Whatever it was, it wasn't mere cupcakes.
CHAPTER TWENTY
-EIGHT
PATRICIA SET the pastry box on the table and took a deep breath. Her hands were practically shaking and she had a hard time opening the box. She didn't know why she was so anxious.
No, she knew. She was nervous because she remembered doing this several years ago. She'd gone to Trevor's ritzy Park Avenue co-op with a pastry box, plain white because that's what they used at the culinary school, containing her best creations.
It had been her school project and Trevor had torn it to shreds. The recipes were too derivative, he said, too unsophisticated. She'd been devastated at the time. Now, of course, she knew that he'd lied, that her recipes were good, at least good enough to steal.
But she was still afraid.
And here she was, going through the same process with Zach. She didn't feel she had a choice. She'd come up with a concept. It wasn't a new concept, it was one she'd first developed in culinary school, but it was, if she said so herself, bold and original.
And perfectly suited to the Rosemoor concept.
And she had Trevor to thank for it. If it hadn't been for that article she wouldn't have thought to go look through her old recipes. She wouldn't have remembered her very first school project. The health and wellness one she'd based on the crazy stories from her hometown. She'd tinkered the recipes a bit -- after all, she knew a lot more about baking now -- and they were amazing.

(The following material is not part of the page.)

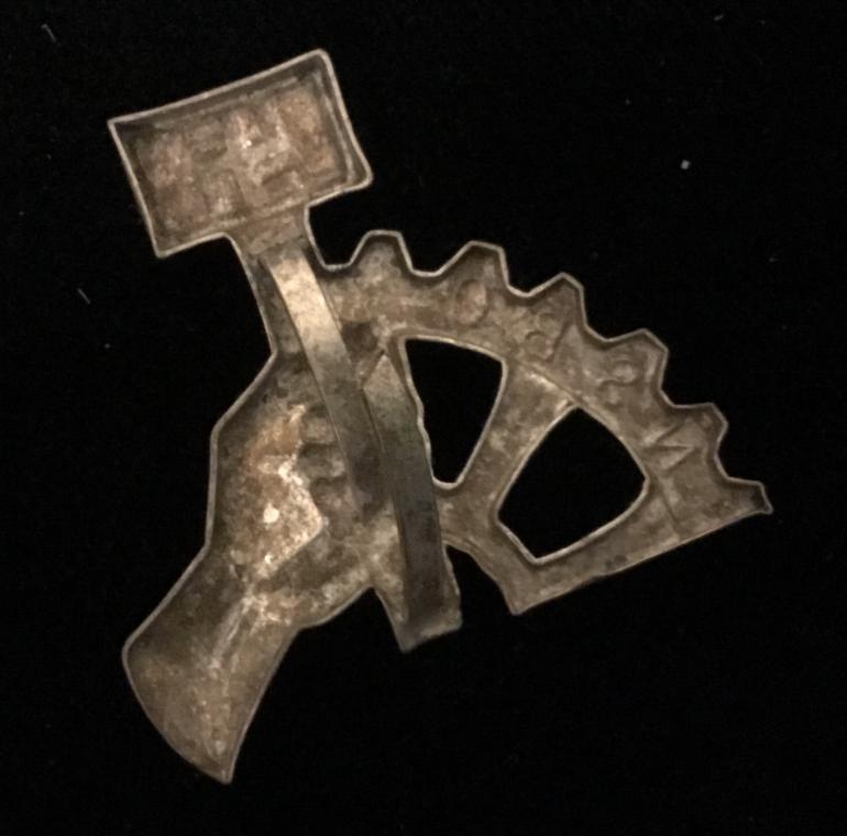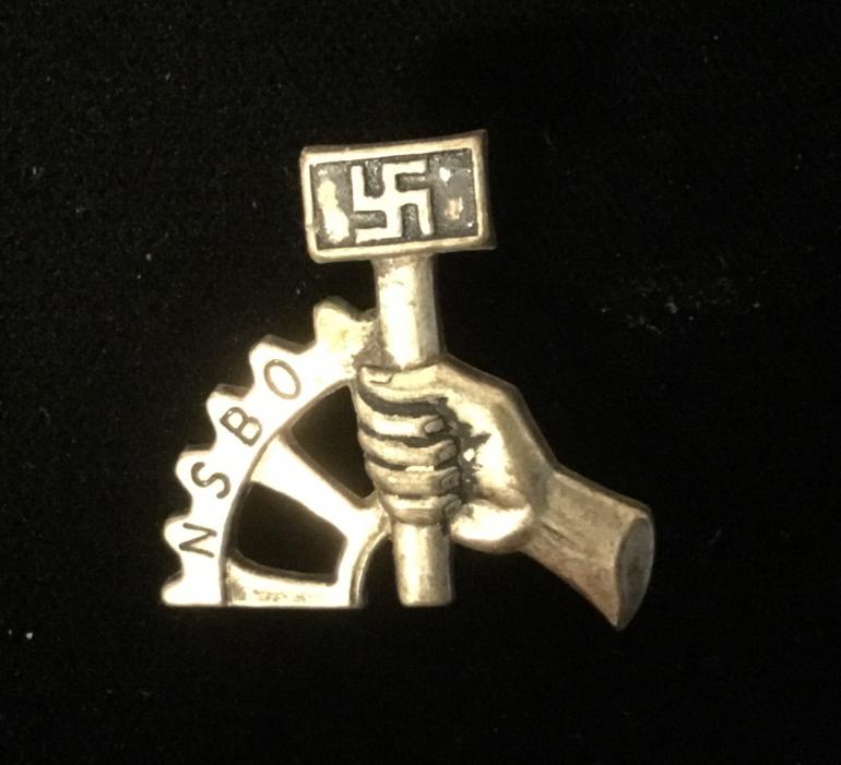 This NSBO is one of the smaller cap badges measuring just over 1” high. The construction is typical die struck light weight metal. The letters and most of the swaz background still have the black paint. The reverse has the two prong bars to mount the insignia.

But she needed feedback from someone who knew the food business. Her friends had oohed and aahed over her creations and Elizabeth had eaten three cardamon-carrot cupcakes, all the while complaining about fitting into her Valentine's Day Ball outfit. Her dad had given her his grudging approval even though he was a vanilla cake and buttercream frosting kind of guy. Even the paranormies had approved, with Caine giving her copious comments on her marketing concepts.
But that wasn't enough. She'd never run a restaurant, just a storefront, and she needed a sounding board, someone who would tell her that her ingredient list was too complicated and that her ornamentation took too much time. At least two of her recipes required overnight freezing and she didn't think she could fit, or afford, two freezers in the Rosemoor kitchen. Maybe she could stagger the offerings? Would that work?